I got talking to a well-informed and articulate professional at a social occasion recently -- of the sort that right wing trolls label a 'libtard' -- and on being asked what she did, with good-humoured irony, she replied, "I'm a professional anti-nationalist you could say. I teach at Jawaharlal Nehru University."

Many a good professor is troubled, most notably Nobel Laureate Amartya Sen, a documentary on whom has been held up by the censor board until the words 'cow', 'Gujarat', 'Hindutva view of India', etc are deleted.

The censor board chief Pahlaj Nihalani has done worse, from making B-grade films to doting music videos on Narendra Modi; evidently his Hindutva identikit of gau rakshak disallows anyone else from using the words.

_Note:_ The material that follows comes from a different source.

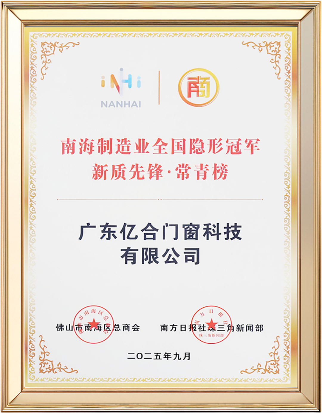 億合門窗榮登2025年“南海制造業(yè)全國隱形冠軍”新質(zhì)先鋒·常青榜,既是對(duì)過往發(fā)展成果的肯定與榮譽(yù)見證,更是對(duì)未來繼續(xù)深耕制造業(yè)、培育新質(zhì)生產(chǎn)力的鞭策與期許。未來,億合門窗將繼續(xù)以“隱形冠軍”的堅(jiān)守與“新質(zhì)先鋒”的魄力,在技術(shù)創(chuàng)新上持續(xù)突破、在服務(wù)升級(jí)上不斷深化、在產(chǎn)業(yè)協(xié)同上積極作為,以更強(qiáng)的品牌實(shí)力、更優(yōu)的產(chǎn)品服務(wù),為南海制造業(yè)高質(zhì)量發(fā)展注入新動(dòng)能,為中國門窗行業(yè)的轉(zhuǎn)型升級(jí)樹立新標(biāo)桿!

The bitter twist of caste identities and grievance politics are best exemplified by the champion of social justice, Lalu Prasad, and his corrupt progeny, a 'Cricket XI' that beat the cricket control board for nefarious wheeling-dealing.

Cornered in a gigantic property scam of ill-begotten farm houses and real estate in Delhi and Patna, Bihar's (now deposed) deputy chief minister and former cricketer Tejashwi says he will go to the 'people's court' to seek legitimacy.

Like other icons of deprived classes such as Mayawati and Mulayam Singh Yadav, Bihar's Lalu Yadav family today stands for, in Law Minister Ravi Shankar Prasad’s withering phrase, 'the Robert Vadra model of development'.

Their aspirations are of princely proportion, their identities defined by social markers of untold wealth.

Ms Mayawati may strut around in diamonds to unleash a building mania for pleasure parks in B R Ambedkar's name to rival the Bourbon queens, but her political rivals in Uttar Pradesh are driven by a craze for foreign cars.

While Mulayam Singh and Akhilesh Yadav profess a preference for latest bullet-proof Mercedes models, younger son Prateek proudly posts images of his sky blue Rs 5 crore Lamborghini.

This flagrant exhibition of rapacity contributed to their defeat in the state election in the spring.

The noose of financial malfeasance is also tightening round Pakistani Premier Nawaz Sharif, as investigations into his family's huge hoard of hidden overseas assets are spotlighted.

Here is columnist F S Aijazuddin's writing in Dawn: 'One has only to turn the leaves of Pakistan's ledgers kept since 1947 to see how almost every ruler -- whether elected, nominated or self-appointed -- has in time blurred the distinction between State ownership and private possession...'

'The situation now is so chronic that... should Pakistan be headed by an honest leader, determined to cleanse the country of corruption, he would be hounded out of office soon enough for incompetence or unforgivable negligence.'

Like Mr Tejashwi, Mr Sharif is also mulling the idea of approaching the 'people's court'.

A general election is due next year, but will he call a snap poll to test his mandate?

As Mr Aijazuddin cynically remarks, 'Pakistani politicians could never become Roman Catholic priests. They refuse to take a vow of poverty.'

That fate, as in India, is reserved for the so-called Bangladeshi slum dwellers of Noida who took to stoning the apartments of their well-to-do employers.

The real injury of the aggrieved is not the same as the grievance politics of those in power.